What you produce should be an exact transcription of the data, minus any pictures.

-------------------------

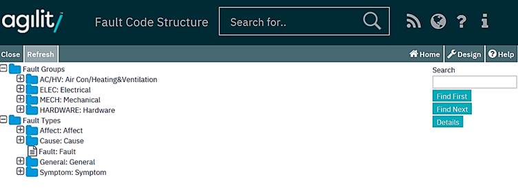This tree view provides a hierarchical structure view of the Fault Groups with underlying Fault Codes and the fault types with underlying fault code instances where the type is used.
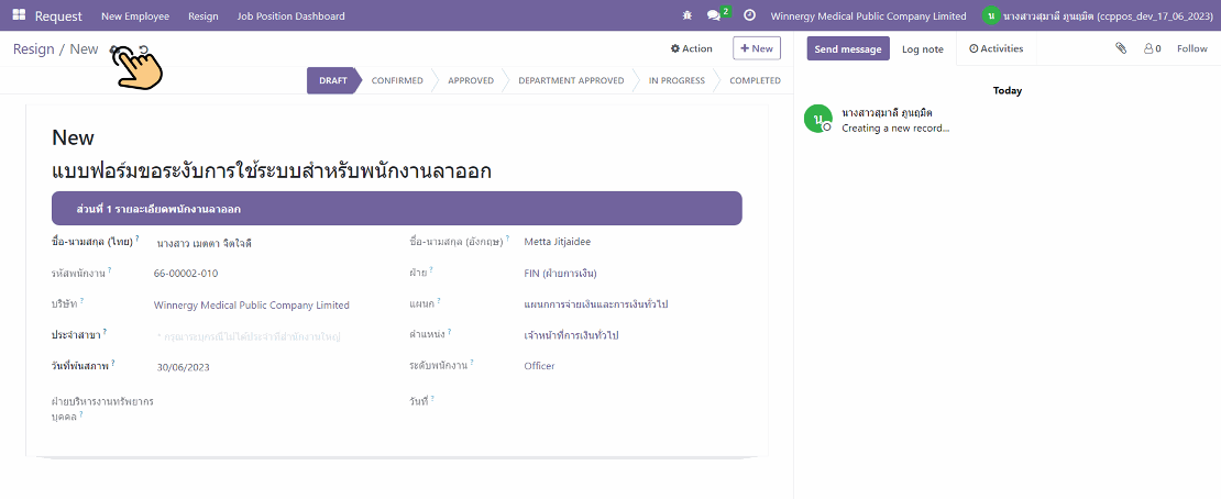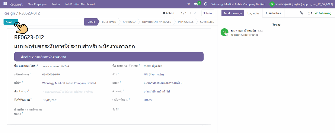2. เมื่อกรอกข้อมูลเรียบร้อย กดปุ่มเพื่อบันทึกเอกสาร จากนั้นกดปุ่ม Confirm เพื่อส่งเอกสารไปยัง HR Manager
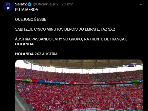 A Áustria perdeu para a França para depois vencer a Polônia e há instantes os holandeses. Xavi Simons, Gakpo e outros nomes não conseguiram gerar influência para mudar o rumo da Euro, assumindo o risco de pegar adversários mais fortes com o avanço em 3º.
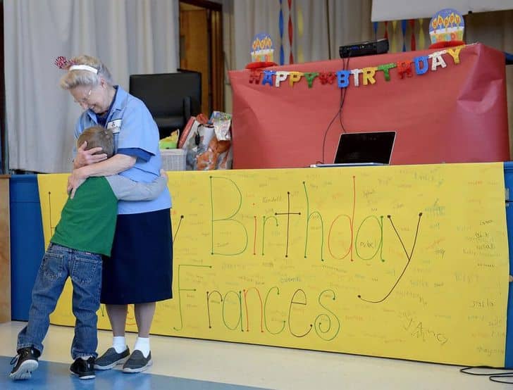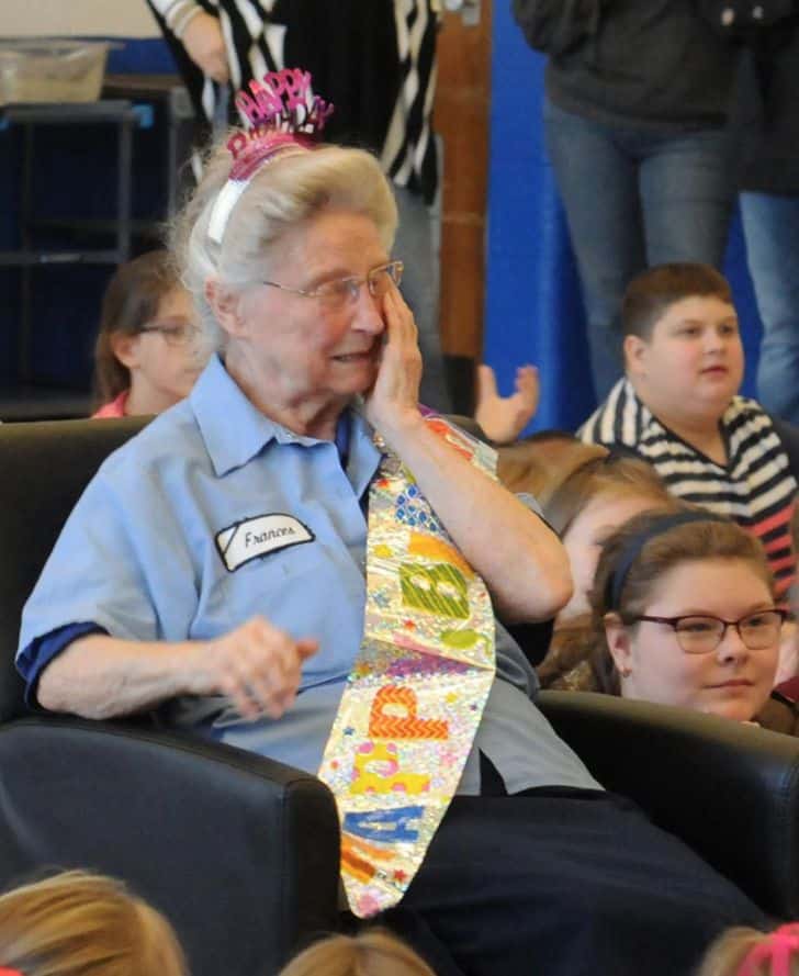 No entanto, segundo informações do Charleston Gazette-Mail, ela nunca teve um aniversário surpresa. Essa informação chegou aos diretores da escola e eles decidiram fazer uma festa no refeitório para retribuir todo o amor que Frances tem pela Belle Elementary School.
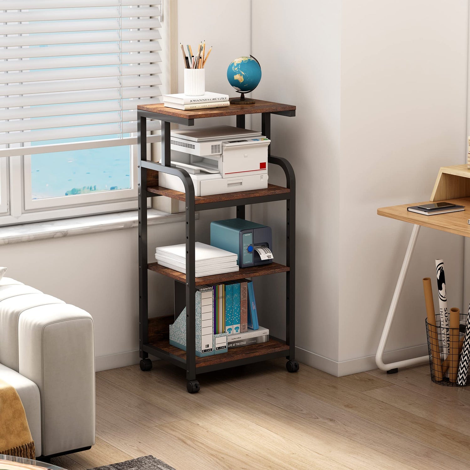 Fannova 4-Tier Printer Stand with Adjustable Storage Shelf, Large Tall Printer Table with Wheels for Home Office Small Spaces Organization, Rustic Brown

-------------------------

OUTPUT BELOW
This tree view provides a hierarchical structure view of the Fault Groups with underlying Fault Codes and the fault types with underlying fault code instances where the type is used.
2. เมื่อกรอกข้อมูลเรียบร้อย กดปุ่มเพื่อบันทึกเอกสาร จากนั้นกดปุ่ม Confirm เพื่อส่งเอกสารไปยัง HR Manager
 A Áustria perdeu para a França para depois vencer a Polônia e há instantes os holandeses. Xavi Simons, Gakpo e outros nomes não conseguiram gerar influência para mudar o rumo da Euro, assumindo o risco de pegar adversários mais fortes com o avanço em 3º.
 No entanto, segundo informações do Charleston Gazette-Mail, ela nunca teve um aniversário surpresa. Essa informação chegou aos diretores da escola e eles decidiram fazer uma festa no refeitório para retribuir todo o amor que Frances tem pela Belle Elementary School.
 Fannova 4-Tier Printer Stand with Adjustable Storage Shelf, Large Tall Printer Table with Wheels for Home Office Small Spaces Organization, Rustic Brown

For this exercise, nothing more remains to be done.